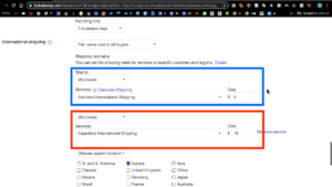 こちらも青枠がeパケット・eパケットライトの送料設定・赤枠がEMSの送料設定です。
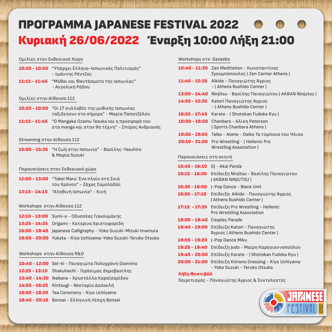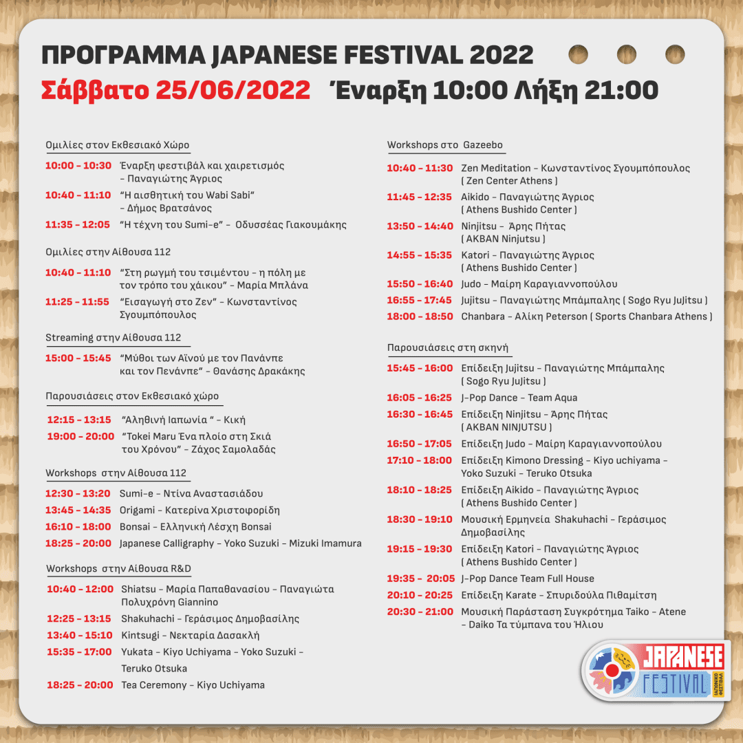 Το Ιαπωνικό Φεστιβάλ πραγματοποιείται από την Ελληνική Ένωση Παραδοσιακών Ιαπωνικών Τεχνών και Πολιτισμού σε συνεργασία με το “Athens Bushido center”, υπό την αιγίδα του “Ελληνο-Ιαπωνικού Συνδέσμου” και της Unesco Νήσων και Πειραιώς, και φιλοξενείται στο Σεράφειο του Δήμου Αθηναίων. Σας προσκαλούμε στο μοναδικό ελληνικό φεστιβάλ που αφορά την Παραδοσιακή και Σύγχρονη Ιαπωνική Κουλτούρα, “Japan Festival 2022”!
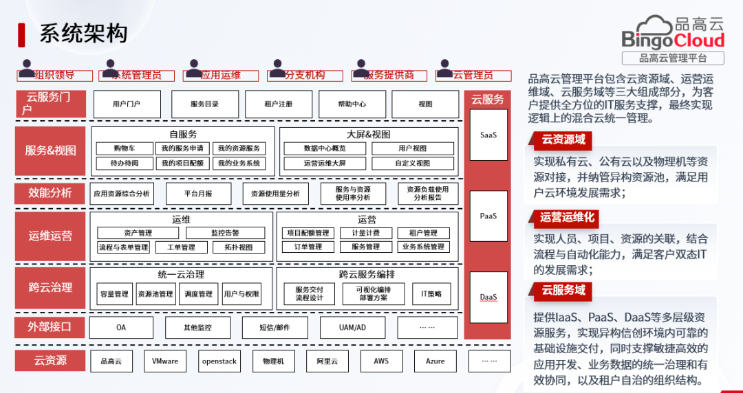 在当前混合多云架构成为企业主流部署模式的背景下,品高股份自主研发的一站式混合云运营运维管理平台产品——品高云管理平台( BingoCMP )作为面向企业 IT 管理部门的多云运营运维管理平台,能够为整个云资源与服务的规划、建设、交付、使用、回收等全生命周期提供运营和运维管理。
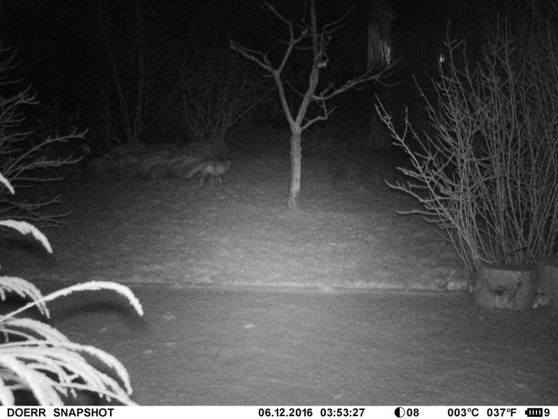 Hier hat die Wildkamera jetzt auch erstmals einen Fuchs erwischt - wie die meisten anderen Tiere schön am Rand dessen, was die Kamera so gerade noch ablichten kann. Dürften so sieben, acht Meter Entfernung sein.
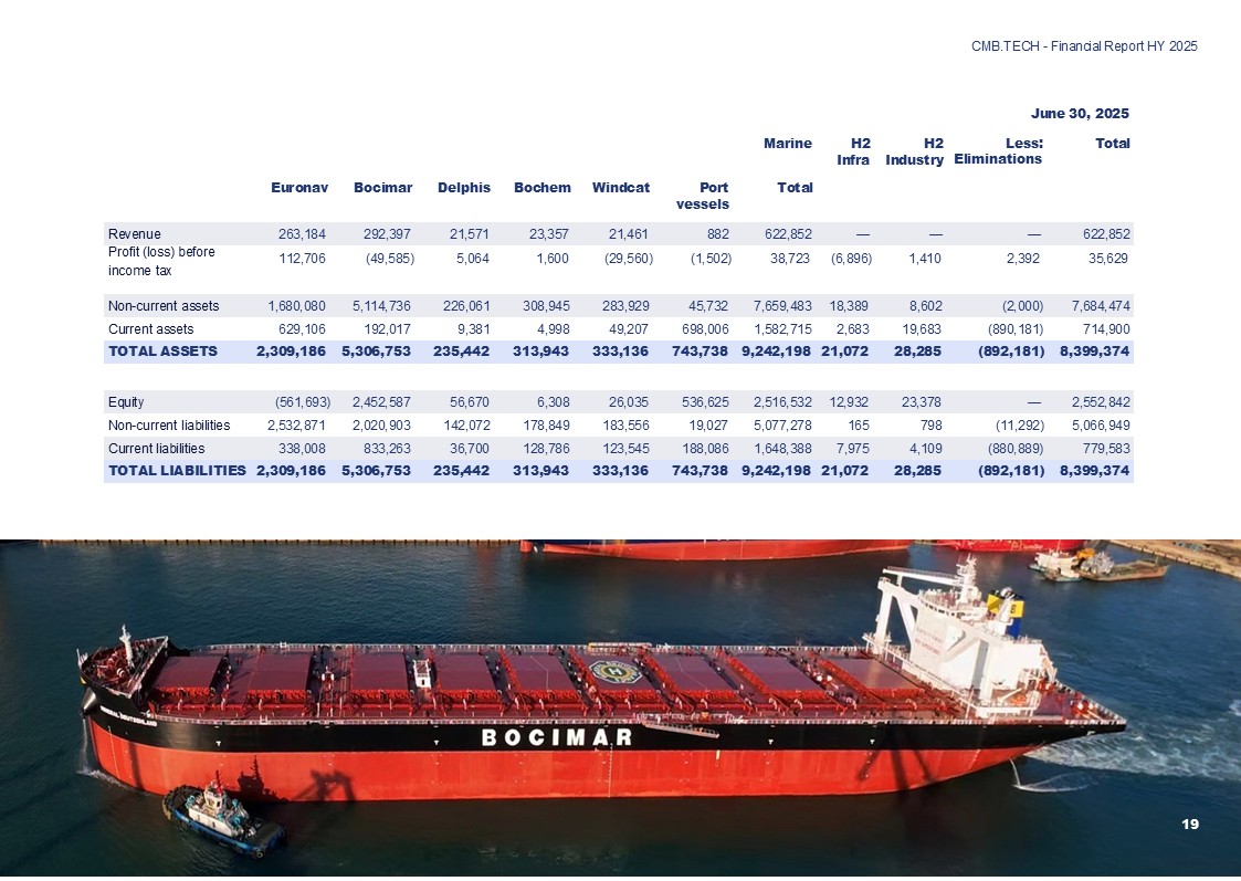 vessels  Revenue  263,184  292,397  21,571  23,357  21,461  882  622,852  —  —  —  622,852  Profit (loss) before 112,706 (49,585) 5,064 1,600 (29,560) (1,502) 38,723 (6,896) 1,410 2,392 35,629  income tax  Non-current assets  1,680,080  5,114,736  226,061  308,945  283,929  45,732  7,659,483  18,389  8,602  (2,000)  7,684,474  Current assets  629,106  192,017  9,381  4,998  49,207  698,006  1,582,715  2,683  19,683  (890,181)  714,900  TOTAL ASSETS  2,309,186  5,306,753  235,442  313,943  333,136  743,738  9,242,198  21,072  28,285  (892,181)  8,399,374  Equity  (561,693)  2,452,587  56,670  6,308  26,035  536,625  2,516,532  12,932  23,378  —  2,552,842  Non-current liabilities  2,532,871  2,020,903  142,072  178,849  183,556  19,027  5,077,278  165  798  (11,292)  5,066,949  Current liabilities  338,008  833,263  36,700  128,786  123,545  188,086  1,648,388  7,975  4,109  (880,889)  779,583  TOTAL LIABILITIES  2,309,186  5,306,753  235,442  313,943  333,136  743,738  9,242,198  21,072  28,285  (892,181)  8,399,374  June 30, 2025  Less: Total Eliminations  Marine  H2 H2  Infra Industry  Euronav  Bocimar  Delphis  Bochem  Windcat  Port  Total  CMB.TECH - Financial Report HY 2025  19
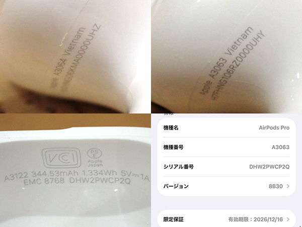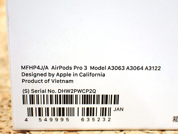 【中古 美品】Apple 純正 AirPods Pro 第3世代 インイヤーアクティブノイズキャンセリング搭載 USB-C MFHP4J/A 本体(QMA900-1) ■状態■ [充電ケース/イヤホン] 充電ケースに薄っすらとした擦れはありますが、 その他目立つ大きな傷はなく綺麗な状態です。 写真でご確認ください。 動作問題なし ペアリング・通電確認済み 初期化済み ■保証状況■ 購入済み 2025年12月15日 限定保証 有効期限 2026年12月16日 詳しくはアップル公式 保証状況サイトでご確認ください。 ■モデル型番■ MFHP4J/A ■製造番号■ DHW2PWCP2Q ■付属品■ 写真でご確認いただけるものがすべてです。 2025/12/23 K
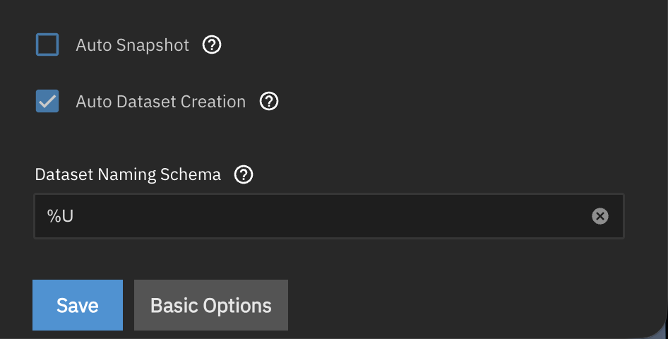 If I expand out the Advanced Options I see a checkbox for “Auto Dataset Creation” which I think might be the option I need but when I turn that I the Save button greys out.
▬▬▬
Please reproduce the listing exactly from its opening line through the line that contains "Hier hat die", both included, with all pictures omitted.

### Answer to this exercise
 こちらも青枠がeパケット・eパケットライトの送料設定・赤枠がEMSの送料設定です。
 Το Ιαπωνικό Φεστιβάλ πραγματοποιείται από την Ελληνική Ένωση Παραδοσιακών Ιαπωνικών Τεχνών και Πολιτισμού σε συνεργασία με το “Athens Bushido center”, υπό την αιγίδα του “Ελληνο-Ιαπωνικού Συνδέσμου” και της Unesco Νήσων και Πειραιώς, και φιλοξενείται στο Σεράφειο του Δήμου Αθηναίων. Σας προσκαλούμε στο μοναδικό ελληνικό φεστιβάλ που αφορά την Παραδοσιακή και Σύγχρονη Ιαπωνική Κουλτούρα, “Japan Festival 2022”!
 在当前混合多云架构成为企业主流部署模式的背景下,品高股份自主研发的一站式混合云运营运维管理平台产品——品高云管理平台( BingoCMP )作为面向企业 IT 管理部门的多云运营运维管理平台,能够为整个云资源与服务的规划、建设、交付、使用、回收等全生命周期提供运营和运维管理。
 Hier hat die Wildkamera jetzt auch erstmals einen Fuchs erwischt - wie die meisten anderen Tiere schön am Rand dessen, was die Kamera so gerade noch ablichten kann. Dürften so sieben, acht Meter Entfernung sein.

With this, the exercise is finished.